A labourer welds steel pipes at a factory in Nanjing, Jiangsu province October 23, 2009.

Credit: Reuters/Sean Yong/Files

WASHINGTON | Wed Nov 4, 2009 3:38am IST

WASHINGTON (Reuters) - U.S. factory orders rose a stronger-than-expected 0.9 percent in September and inventories continued to shrink, bolstering the prospects for a sustained economic recovery.

It was the fifth month out of the past six that U.S. manufacturers saw orders rise, the Commerce Department said on Tuesday. Analysts had expected an increase of 0.8 percent.

"It's a solid rise in orders. They are consistent with manufacturing growing again," said James O'Sullivan, chief economist for MF Global in New York. "Inventories are still falling so there is more room for orders and production to grow."

Factories cut their stocks by 1 percent in September, the 13th straight month of declines in manufacturing inventories. It is the longest streak of falling manufacturing inventories since a 15-month string that began in February 2001.

The draw-down in inventories is good news because it makes it more likely that any future spending will drive new output.

U.S. stock indexes pared losses on the news, but the data was overshadowed by a downgrade of the semiconductor sector and a shake-up at two big British banks. The dollar rose on a safe-haven bid driven by those concerns.
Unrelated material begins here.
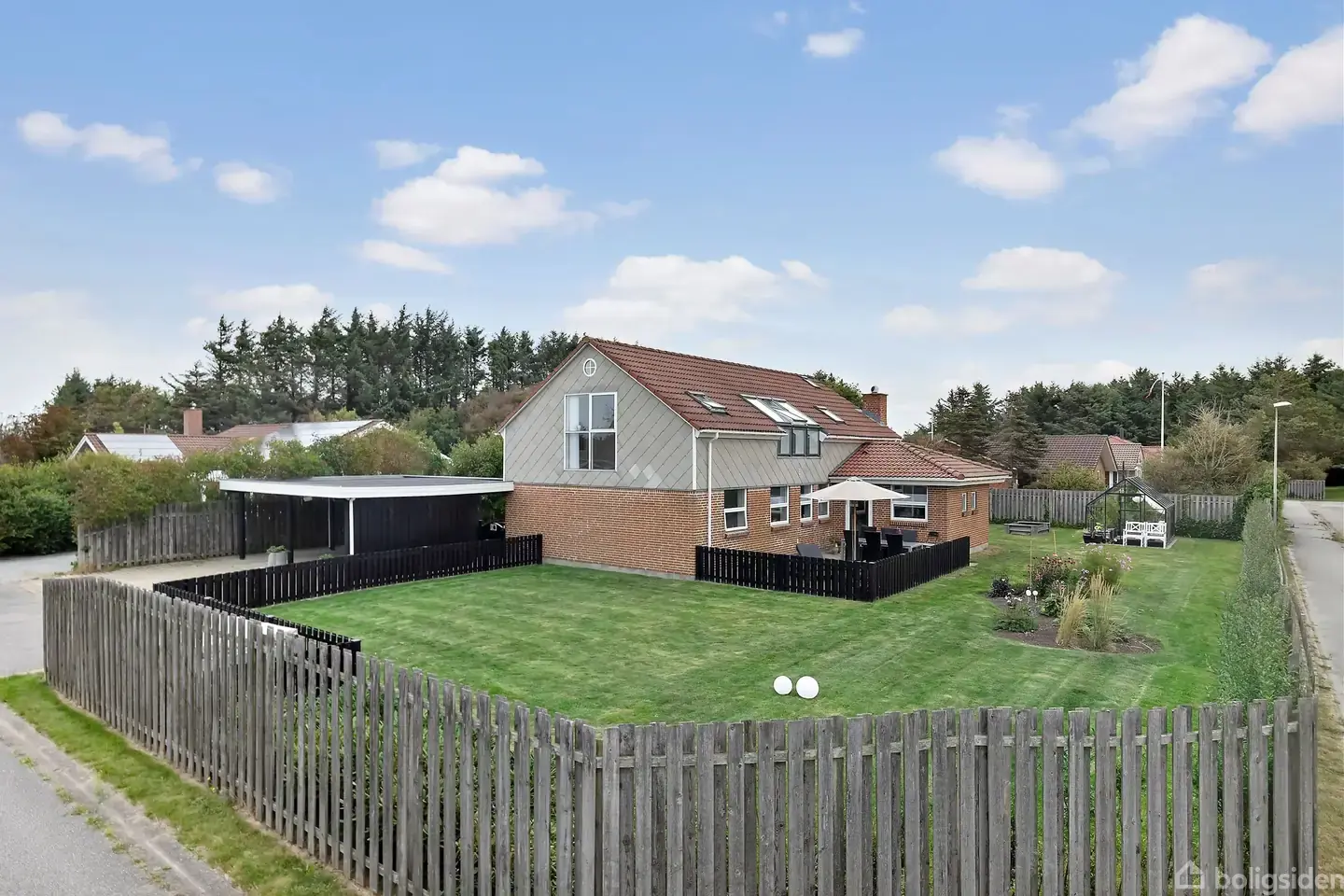 Åbent hus med tilmeldingskrav 3/2 - klik på billede - Velkommen til Hølken 23 - en rummelig og gennemrenoveret villa beliggende i et fredeligt og attraktivt kvarter i hjertet af Løkken. Her får du en bolig med hele 209 m² som rummer 4 gode værelser samt to stuer, hvilket giver masser af plads til både børnefamilien, eller dem der ønsker en ejendom med mulighed for hjemmekontor eller hobbyrum. Boligen er opført i 1987 og senere ombygget i 1992, hvilket afspejles i den funktionelle planløsning og de gode lysindfald fra de store vinduespartier. Her mødes du af et lyst og indbydende køkken i åben forbindelse med opholdsstue og spisestue - et naturligt samlingspunkt for både hverdag og gæster. Boligen rummer desuden to badeværelser, hvilket sikrer komfort og fleksibilitet i hverdagen - særligt for den større familie. Ejendommen opvarmes primært med el og har desuden brændeovn som et hyggeligt og økonomisk supplement. Udenfor venter en overskuelig og velanlagt grund på 895 m² med god plads til leg, afslapning og udendørs hygge. Flere solrige terrasseområder giver mulighed for at nyde sommeren i fulde drag, og haven ligger ugeneret og fredeligt. Til ejendommen hører desuden en praktisk carport samt et redskabsrum/skur, som giver god plads til opbevaring af både cykler, haveredskaber og brænde. Beliggenheden er ideel - du bor i gåafstand til både skole, indkøb og centrum af Løkken, samtidig med at du har kort afstand til Vesterhavets brede sandstrand og naturskønne områder. Her får du det bedste fra to verdener, nemlig byens bekvemmeligheder og naturens ro, samlet i en solid og indflytningsklar bolig med mange anvendelsesmuligheder.

The factory data comes a week after the government reported the U.S. economy grew at a 3.5 percent annual rate in the third quarter, snapping four straight quarters of contraction and signaling an end to the nation's deepest recession since the Great Depression.

Worries about the sustainability of the stimulus-led recovery remain, however, with analysts warning that rising unemployment could sap the consumer spending that drives the economy. The U.S. government will report on the jobless rate on Friday, which analysts expect to have risen to 9.9 percent in October from a 26-year high of 9.8 percent in September.

And even Tuesday's data on factory orders and inventories raised questions by some analysts about the strength of the recovery.

Because the factory orders report showed a sharper cut in inventories than the Commerce Department had reported last week, analysts said it implied that third-quarter economic growth was weaker than the government's initial estimate.

The Commerce Department said last week that a slowdown in the rate at which businesses were liquidating inventories in the second quarter added nearly a percentage point to the increase in U.S. gross domestic product.

Based on Tuesday's factory data, JPMorgan Securities Global Economic Research said it cut its estimate of third-quarter growth to a 3.1 percent pace.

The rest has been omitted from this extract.